# NNSVS

事前に [研究者向け東北きりたん歌唱データベース ログインページ](https://zunko.jp/kiridev/login.php) から kiritan_singing.zip をダウンロードし任意のディレクトリに展開してください．

## Install requirements

In [None]:
! git clone https://github.com/r9y9/pysinsy
! cd pysinsy && export SINSY_INSTALL_PREFIX=/usr/ && pip3 install .
! git clone https://github.com/r9y9/nnmnkwii
! cd nnmnkwii && pip3 install .

In [None]:
! git clone https://github.com/r9y9/nnsvs
! cd nnsvs && pip3 install -e .

## Setups

In [None]:
WAV_ROOT = '/workspace/kiritan_singing/wav'
SVS_WORLD_CONV = 'nnsvs/egs/kiritan_singing/svs-world-conv/'

In [None]:
! sed -i 's@\/home\/ryuichi\/data\/kiritan_singing\/wav@'"$WAV_ROOT"'@g' $SVS_WORLD_CONV/config.yaml

## Data download

In [None]:
! cd $SVS_WORLD_CONV && ./run.sh --stage -1 --stop-stage -1

## Data preparation

In [None]:
! cd $SVS_WORLD_CONV && rm -rf downloads/kiritan_singing/kiritan_singing_extra
! cd $SVS_WORLD_CONV/downloads/kiritan_singing && git clone https://github.com/r9y9/kiritan_singing_extra

In [None]:
! mkdir -p /usr/local/lib/sinsy
! ln -s /usr/lib/sinsy/dic /usr/local/lib/sinsy/dic

In [None]:
! cd $SVS_WORLD_CONV && ./run.sh --stage 0 --stop-stage 0

## Feature extraction

In [None]:
! cd $SVS_WORLD_CONV && ./run.sh --stage 1 --stop-stage 1

## Training models

### - Timelag model

In [None]:
! cd $SVS_WORLD_CONV && ./run.sh --stage 2 --stop-stage 2

### - Phoneme duration model

In [None]:
! cd $SVS_WORLD_CONV && ./run.sh --stage 3 --stop-stage 3

### - Acoustic model

In [None]:
! cd $SVS_WORLD_CONV && ./run.sh --stage 4 --stop-stage 4

## Synthesis

### - Generate features from timelag/duration/acoustic models

In [None]:
! cd $SVS_WORLD_CONV && ./run.sh --stage 5 --stop-stage 5

### - Synthesize waveforms

In [None]:
! cd $SVS_WORLD_CONV && ./run.sh --stage 6 --stop-stage 6

## Generated samples

In [None]:
import IPython
from IPython.display import Audio
from glob import glob
from os.path import join

sample_rate = 48000
synthesized_wav_paths = sorted(glob(join(SVS_WORLD_CONV, 'exp/kiritan/synthesis/**/label_phone_score/*.wav'),  recursive=True))

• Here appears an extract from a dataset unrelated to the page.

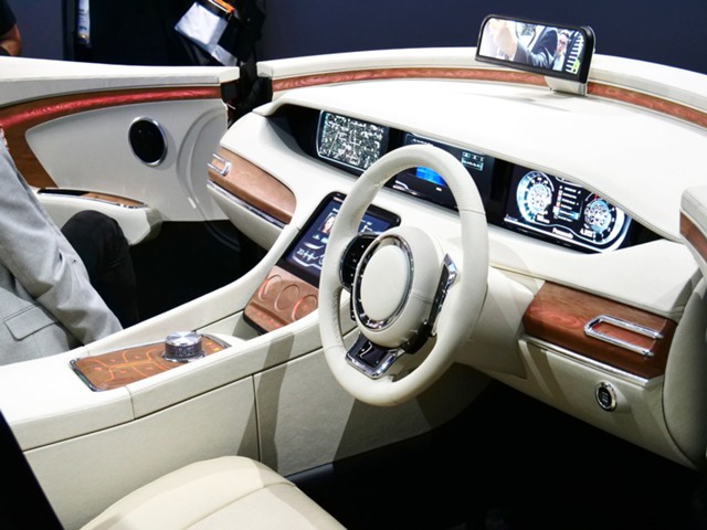 Отделка салона выполняется из специальных полимерных материалов нового поколения, разработанных на основе патентованной технологии Panasonic. Они могут очень реалистично имитировать текстуру дорогих пород дерева, металла или кожи. Задняя подсветка элементов интерьера может менять цвета в зависимости от ситуации, например информируя водителя об опасности или создавая атмосферу в салоне.

for wav_path in synthesized_wav_paths:
    print(wav_path)
    IPython.display.display(Audio(wav_path, rate=sample_rate))

## Synthesize your own songs

### Generate labels

In [None]:
from os.path import join

sample_dir = 'sample/'
song_list_path = join(sample_dir, 'song.list')
sample_score = join(sample_dir, 'score')
sample_label = join(sample_dir, 'label')
sample_wav = join(sample_dir, 'wav')

In [None]:
import pysinsy
from os import makedirs
from os.path import basename, join, splitext
from glob import glob

sinsy = pysinsy.sinsy.Sinsy()
assert sinsy.setLanguages('j', '/usr/local/lib/sinsy/dic')

song_list = []
musicxml_files = glob(join(sample_score, '*.*xml'))

makedirs(sample_label, exist_ok=True)

for musicxml_file in musicxml_files:
    assert sinsy.loadScoreFromMusicXML(musicxml_file)
    is_mono = False
    labels = sinsy.createLabelData(is_mono, 1, 1).getData()
    song_name = splitext(basename(musicxml_file))[0]
    song_list.append(song_name)
    lab_file_path = join(sample_label,  song_name + '.lab')

    with open(lab_file_path, 'w') as f:
         f.write('\n'.join(labels))

    sinsy.clearScore()

with open(song_list_path, 'w') as f:
    f.write('\n'.join(song_list))

### Synthesize

In [None]:
from os.path import join

spk = 'kiritan'
question_path = 'nnsvs/egs/_common/hed/jp_qst001_nnsvs.hed'
expdir = join(SVS_WORLD_CONV, 'exp/kiritan')
dump_norm_dir = join(SVS_WORLD_CONV, 'dump', spk, 'norm')

! nnsvs-synthesis question_path=$question_path \
timelag.checkpoint=$expdir/timelag/latest.pth \
timelag.in_scaler_path=$dump_norm_dir/in_timelag_scaler.joblib \
timelag.out_scaler_path=$dump_norm_dir/out_timelag_scaler.joblib \
timelag.model_yaml=$expdir/timelag/model.yaml \
duration.checkpoint=$expdir/duration/latest.pth \
duration.in_scaler_path=$dump_norm_dir/in_duration_scaler.joblib \
duration.out_scaler_path=$dump_norm_dir/out_duration_scaler.joblib \
duration.model_yaml=$expdir/duration/model.yaml \
acoustic.checkpoint=$expdir/acoustic/latest.pth \
acoustic.in_scaler_path=$dump_norm_dir/in_acoustic_scaler.joblib \
acoustic.out_scaler_path=$dump_norm_dir/out_acoustic_scaler.joblib \
acoustic.model_yaml=$expdir/acoustic/model.yaml \
utt_list=$song_list_path \
in_dir=$sample_label \
out_dir=$sample_wav \
ground_truth_duration=false